◆ INPUT DATA ◆
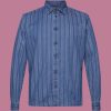 Esprit Men Slim fit denim shirt with stripes Navy Shirts D2B4J4717
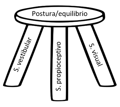Los pacientes con alteración propioceptiva conservan la postura con los ojos abiertos, usándolos para compensar; pero al cerrar los ojos el tripié “se queda solo con una pata” (la vestibular) y la postura se pierde.
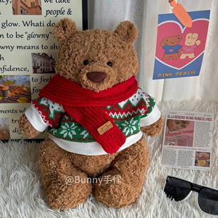 巴塞罗熊衣服秋冬新款 针织毛衣娃衣不含熊 圣诞衣服圣诞围巾秋冬装
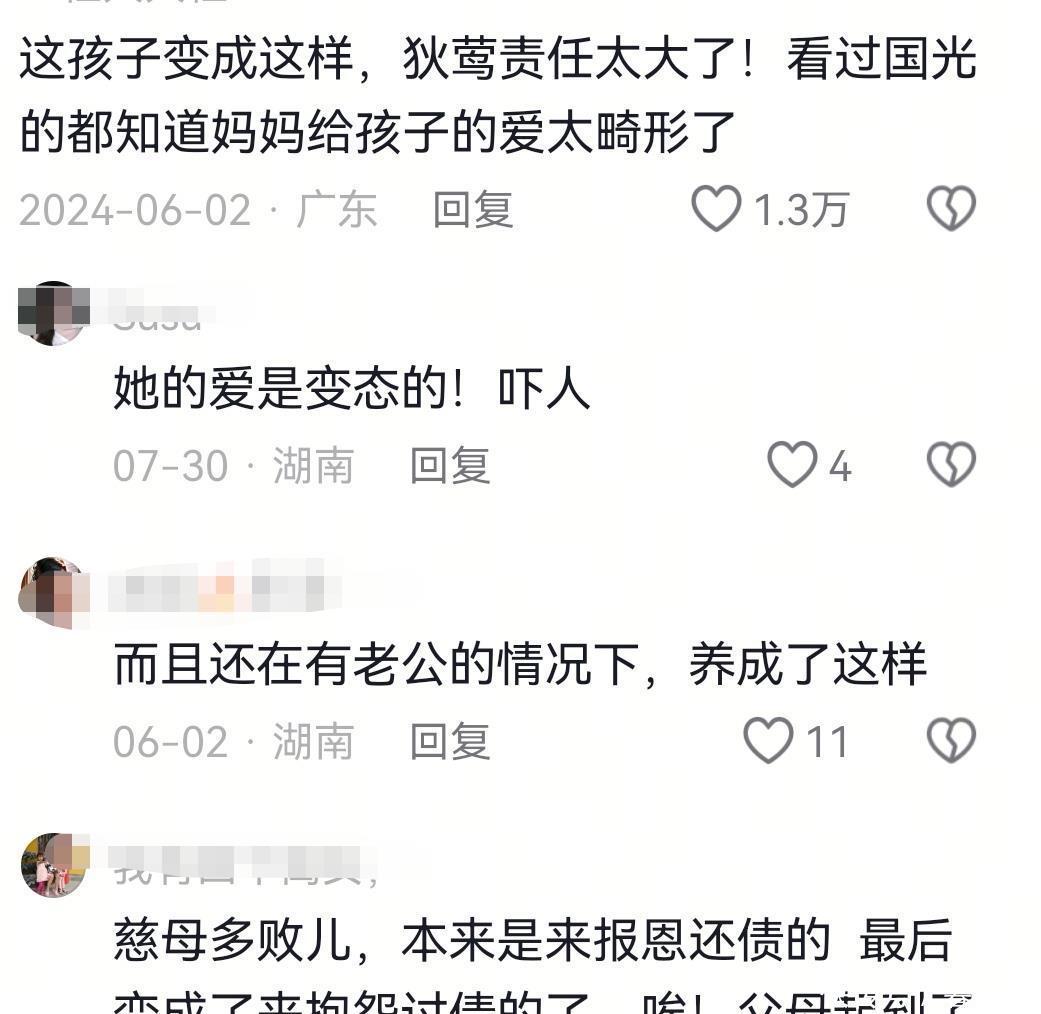 不少網(wǎng)友認(rèn)為孫安佐變成這樣,狄鶯有很大的責(zé)任,她給予孩子的愛太窒息了。真正的愛,應(yīng)該是尊重孩子作為獨(dú)立個(gè)體的權(quán)利。而狄鶯的“愛”,實(shí)際上是一種極端的自私。她不是在愛兒子,而是在滿足自己的控制欲。她把兒子當(dāng)成自己的私人物品,而不是另一個(gè)人。
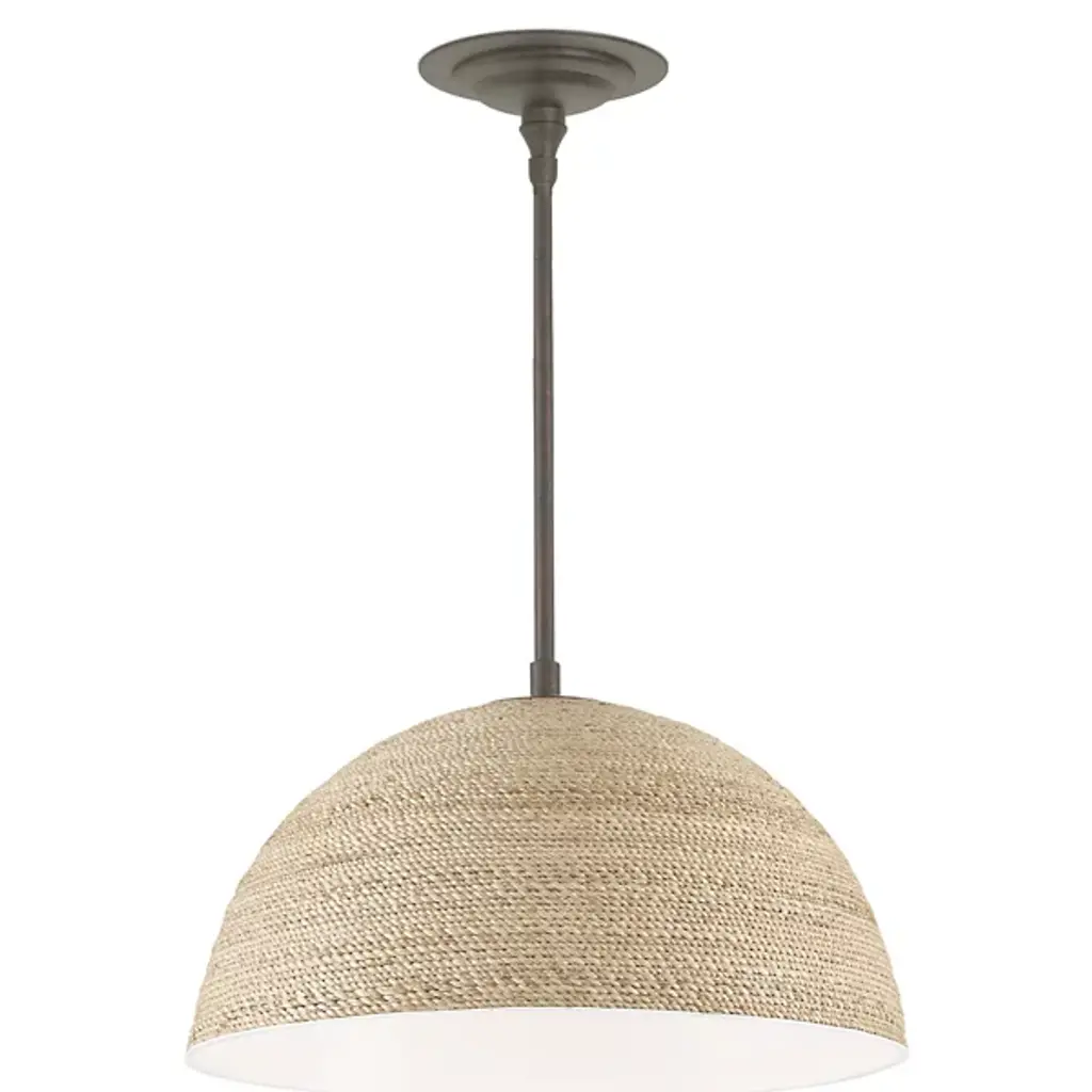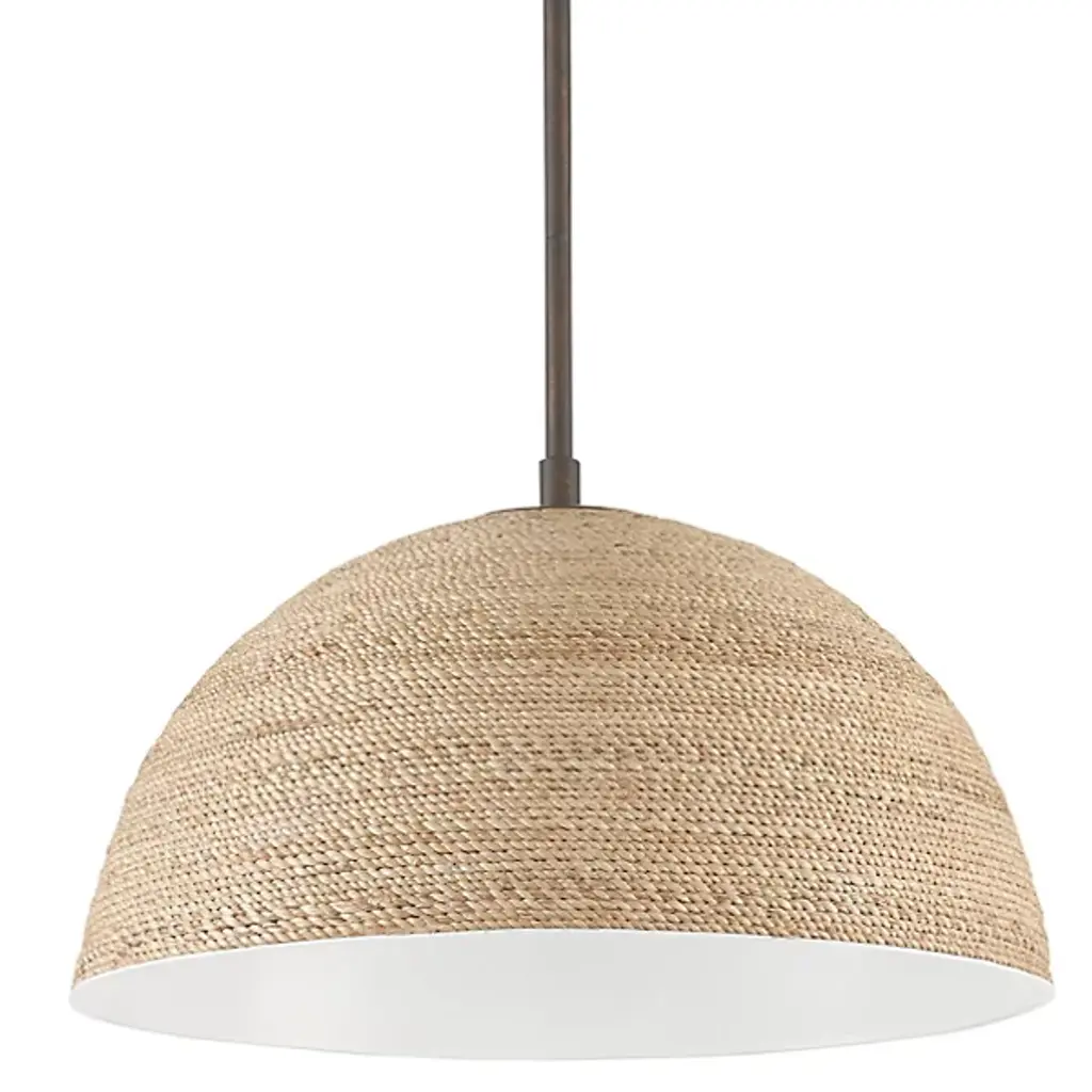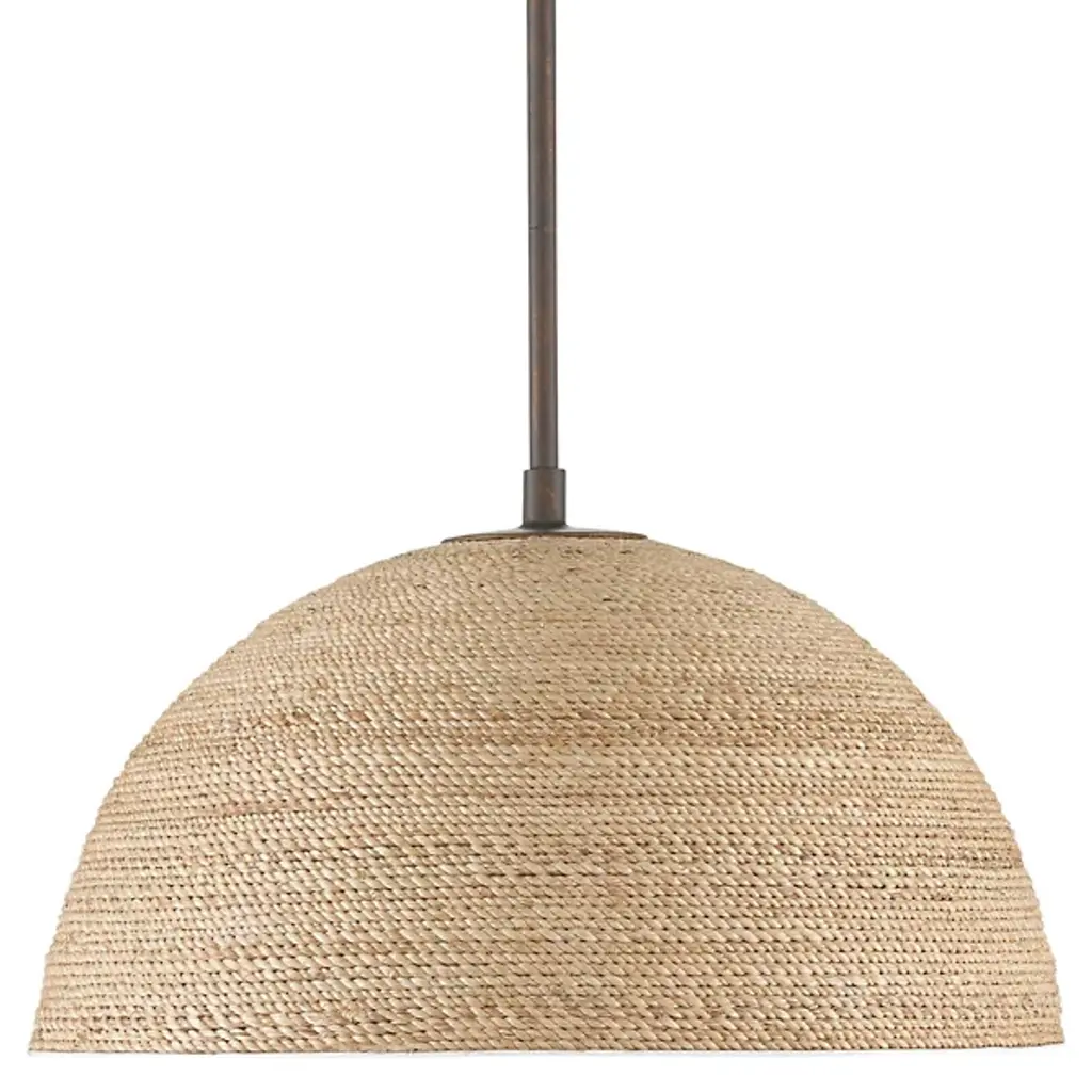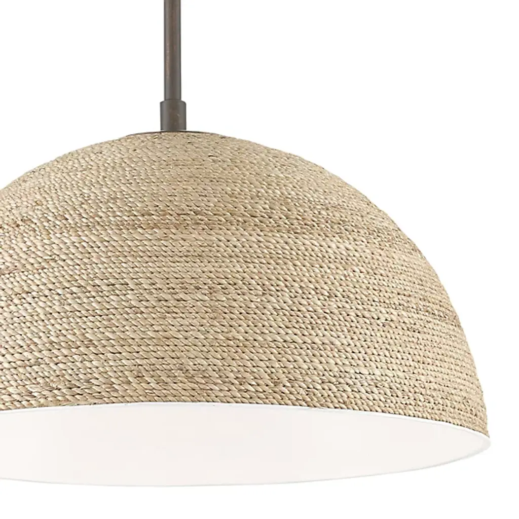 Add a natural touch to the rooms of your modern home with the Tobago Pendant from Currey & Company. Extending from the ceiling with a thin rod body made of smooth, wrought iron, this piece features a dome-shaped abaca rope shade. The minute details on the shade subtly enhance the décor while keeping a single bulb within. The warm light from the bulb fills the shade and enters the room in a welcoming, even manner.
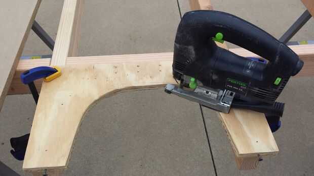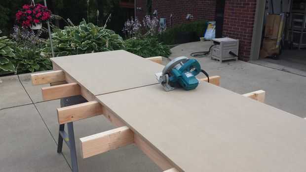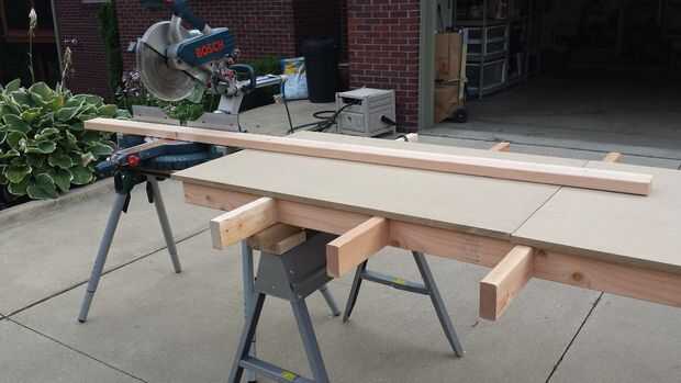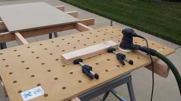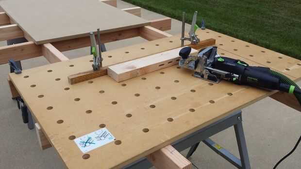 En esta mesa, fijación con abrazadera se convierte en fácil debido a su estructura abierta. Y es muy sólido por el empalme de regazo ajuste apretado un poco. Coloque una madera contrachapada de hoja de 4 x 8 en él, y tenemos mesa de buen tamaño.

◆ PROBLEM DETAILS ◆
In the copy, no picture may appear; the records themselves must be output exactly.

◆ EXERCISE RESPONSE ◆
 Esprit Men Slim fit denim shirt with stripes Navy Shirts D2B4J4717
Los pacientes con alteración propioceptiva conservan la postura con los ojos abiertos, usándolos para compensar; pero al cerrar los ojos el tripié “se queda solo con una pata” (la vestibular) y la postura se pierde.
 巴塞罗熊衣服秋冬新款 针织毛衣娃衣不含熊 圣诞衣服圣诞围巾秋冬装
 不少網(wǎng)友認(rèn)為孫安佐變成這樣,狄鶯有很大的責(zé)任,她給予孩子的愛太窒息了。真正的愛,應(yīng)該是尊重孩子作為獨(dú)立個(gè)體的權(quán)利。而狄鶯的“愛”,實(shí)際上是一種極端的自私。她不是在愛兒子,而是在滿足自己的控制欲。她把兒子當(dāng)成自己的私人物品,而不是另一個(gè)人。
 Add a natural touch to the rooms of your modern home with the Tobago Pendant from Currey & Company. Extending from the ceiling with a thin rod body made of smooth, wrought iron, this piece features a dome-shaped abaca rope shade. The minute details on the shade subtly enhance the décor while keeping a single bulb within. The warm light from the bulb fills the shade and enters the room in a welcoming, even manner.
 En esta mesa, fijación con abrazadera se convierte en fácil debido a su estructura abierta. Y es muy sólido por el empalme de regazo ajuste apretado un poco. Coloque una madera contrachapada de hoja de 4 x 8 en él, y tenemos mesa de buen tamaño.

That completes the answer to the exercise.